» DATA SEGMENT:
************
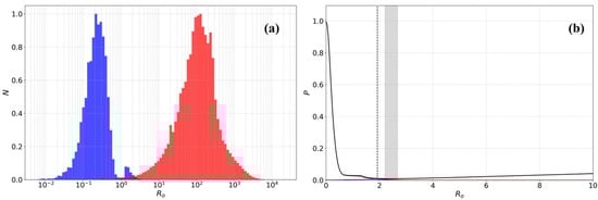 Utilizing the previously optimized standard deviation parameters, we calculated and analyzed the probability density distribution of R0 to evaluate its effectiveness in identifying duplicate events and to determine an optimal classification threshold. Figure 3a contrasts two key distributions. The R0 distribution for cross-catalog nearest-neighbor pairs (blue histogram) exhibits a distinct, concentrated peak at low values (R0 < 1). This peak represents the population of true duplicate events, which are highly correlated in space and time. In stark contrast, the R0 distribution for nearest-neighbor pairs within the CEIC catalog (red histogram) characterizes the random proximity inherent in background seismicity. The clear separation between these two distributions empirically confirms that the R0 metric can effectively distinguish the signal (true duplicates) from the noise (randomly adjacent events).
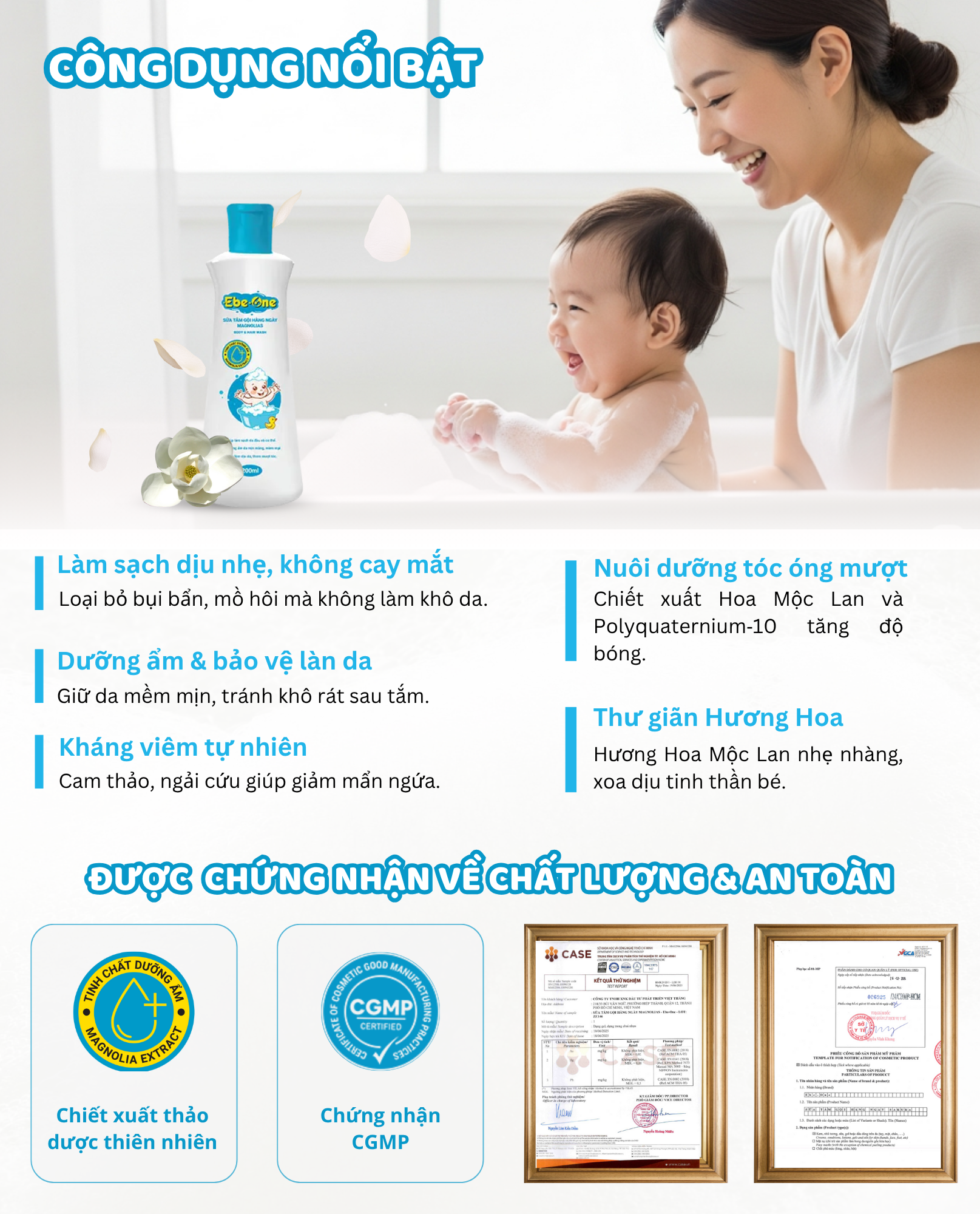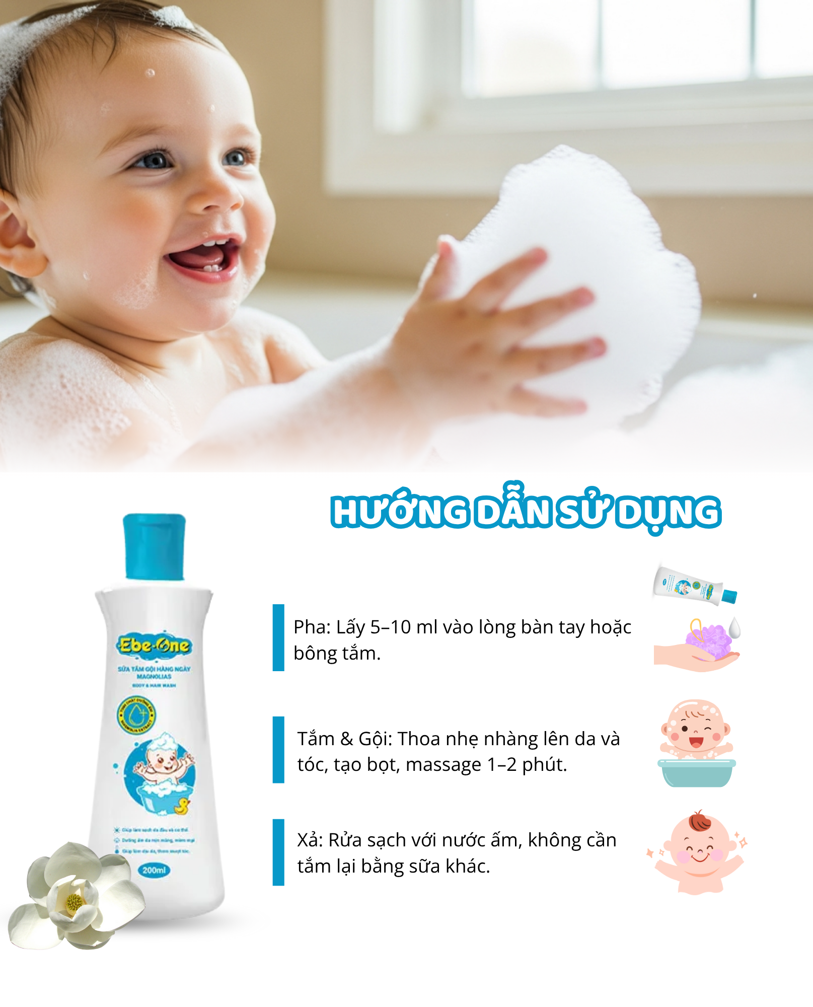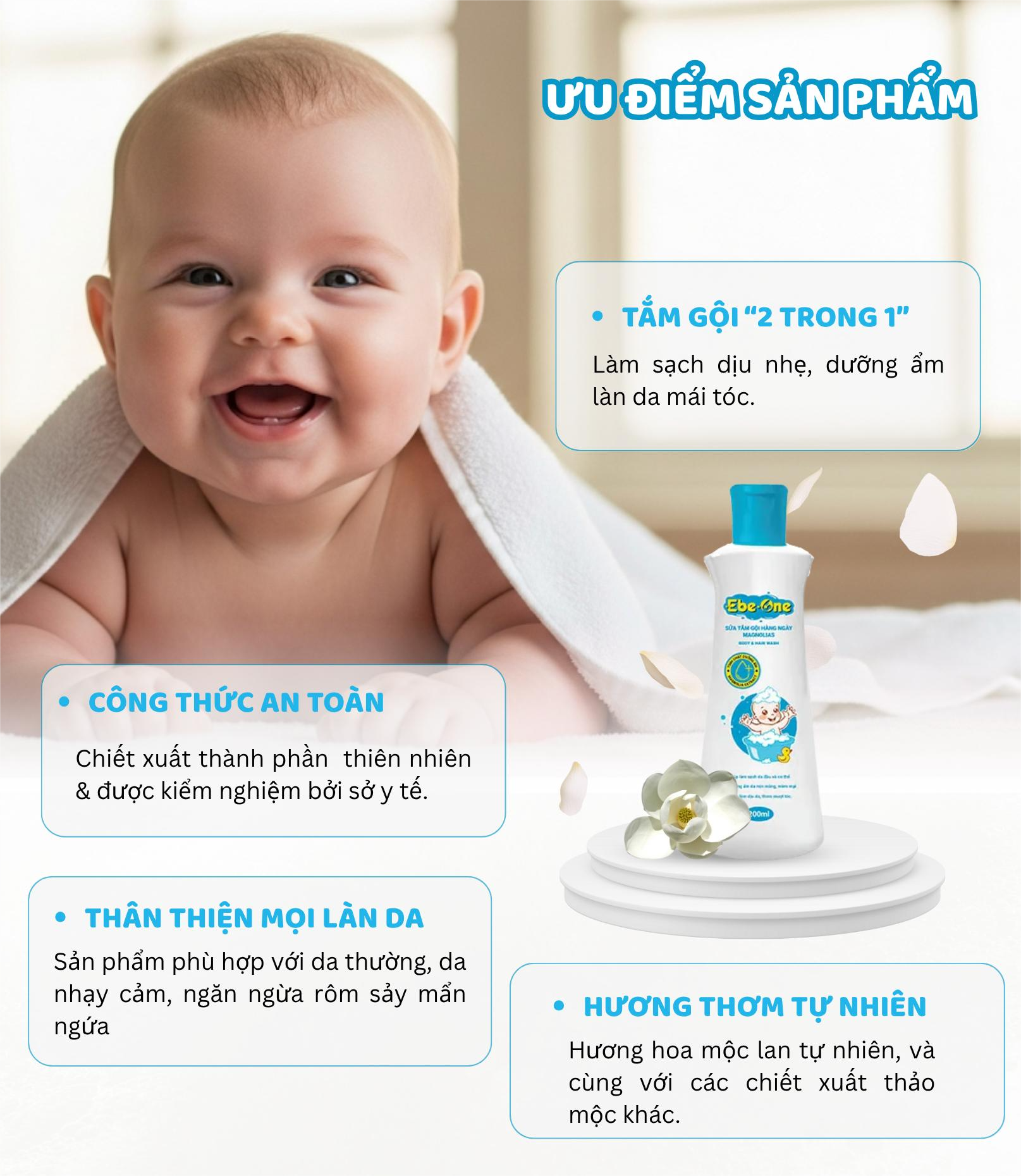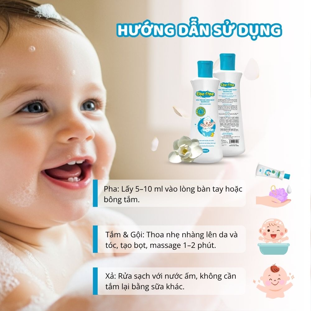 Với những công dụng trên, Ebe-one-Sữa Tắm Gội Hàng Ngày Magnolias là lựa chọn lý tưởng để chăm sóc vệ sinh cho bé mỗi ngày, giúp bé luôn sạch sẽ, khỏe mạnh và dễ chịu.
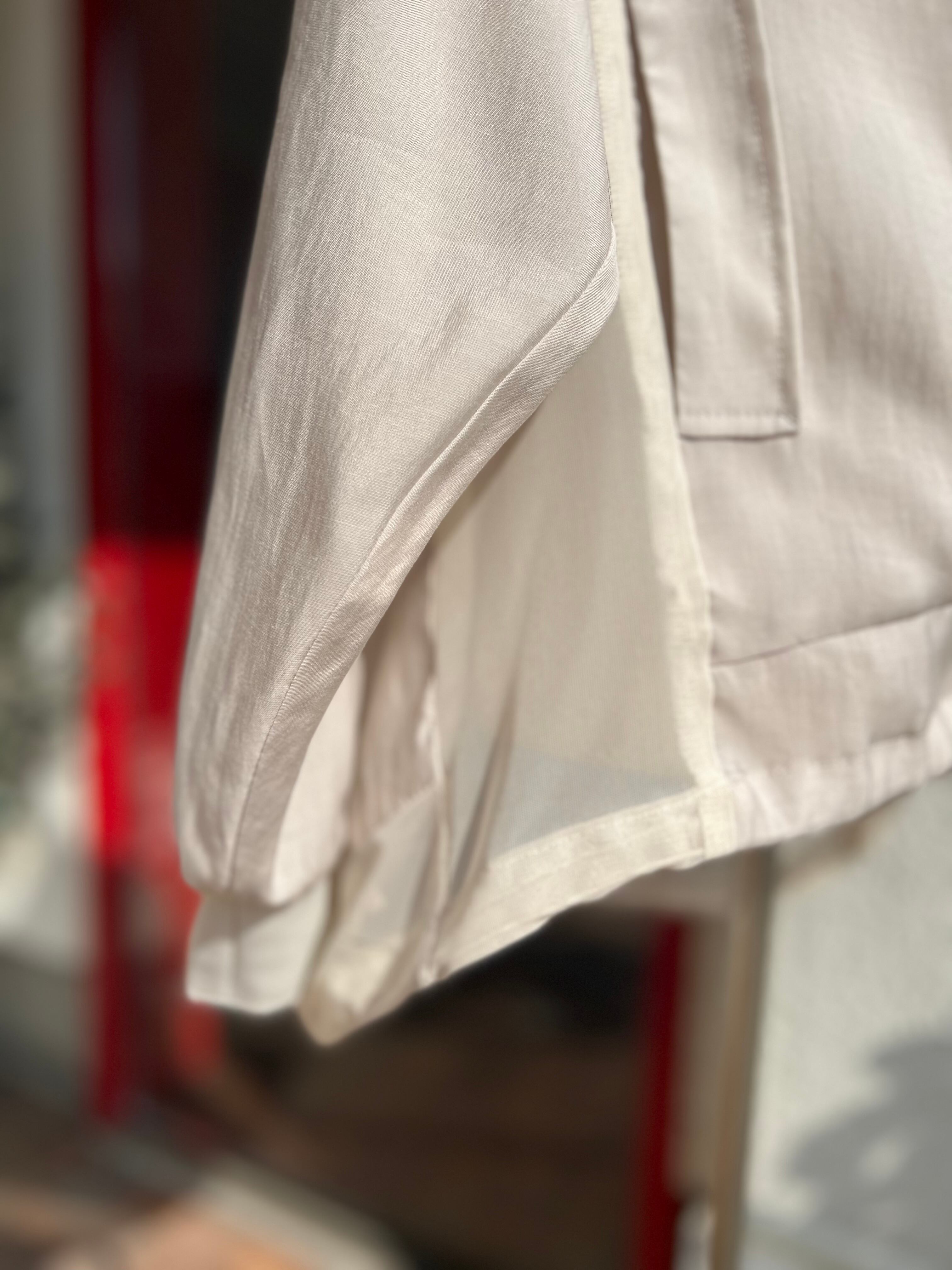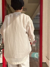 程よい透け感に袖、裾、サイド、襟元がメッシュ生地の切り替えになったデザインです
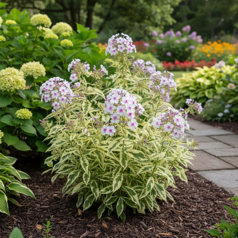 ‘Crème de Menthe’ to płomyk o niezwykle świeżnym wyglądzie – jego jasnozielone liście tworzą elegancką kępę, a nad nią latem pojawiają się miękkie, biało-kremowe wiechy kwiatów. Całość wygląda lekko i chłodno, jak powiew wiatru w upalny dzień. Odmiana ta świetnie rozjaśnia rabaty i delikatnie podkreśla sąsiednie kolory, nie dominując kompozycji. To idealny wybór, jeśli chcesz wprowadzić subtelność i naturalną elegancję. Daje spokojny, długi efekt kwitnienia i świetnie wypełnia przerwy między intensywniejszymi roślinami.
************
» WHAT IS BEING ASKED:
Would you return all of the data above word for word, omitting every picture?

» ANSWER SPACE:
 Utilizing the previously optimized standard deviation parameters, we calculated and analyzed the probability density distribution of R0 to evaluate its effectiveness in identifying duplicate events and to determine an optimal classification threshold. Figure 3a contrasts two key distributions. The R0 distribution for cross-catalog nearest-neighbor pairs (blue histogram) exhibits a distinct, concentrated peak at low values (R0 < 1). This peak represents the population of true duplicate events, which are highly correlated in space and time. In stark contrast, the R0 distribution for nearest-neighbor pairs within the CEIC catalog (red histogram) characterizes the random proximity inherent in background seismicity. The clear separation between these two distributions empirically confirms that the R0 metric can effectively distinguish the signal (true duplicates) from the noise (randomly adjacent events).
 Với những công dụng trên, Ebe-one-Sữa Tắm Gội Hàng Ngày Magnolias là lựa chọn lý tưởng để chăm sóc vệ sinh cho bé mỗi ngày, giúp bé luôn sạch sẽ, khỏe mạnh và dễ chịu.
 程よい透け感に袖、裾、サイド、襟元がメッシュ生地の切り替えになったデザインです
 ‘Crème de Menthe’ to płomyk o niezwykle świeżnym wyglądzie – jego jasnozielone liście tworzą elegancką kępę, a nad nią latem pojawiają się miękkie, biało-kremowe wiechy kwiatów. Całość wygląda lekko i chłodno, jak powiew wiatru w upalny dzień. Odmiana ta świetnie rozjaśnia rabaty i delikatnie podkreśla sąsiednie kolory, nie dominując kompozycji. To idealny wybór, jeśli chcesz wprowadzić subtelność i naturalną elegancję. Daje spokojny, długi efekt kwitnienia i świetnie wypełnia przerwy między intensywniejszymi roślinami.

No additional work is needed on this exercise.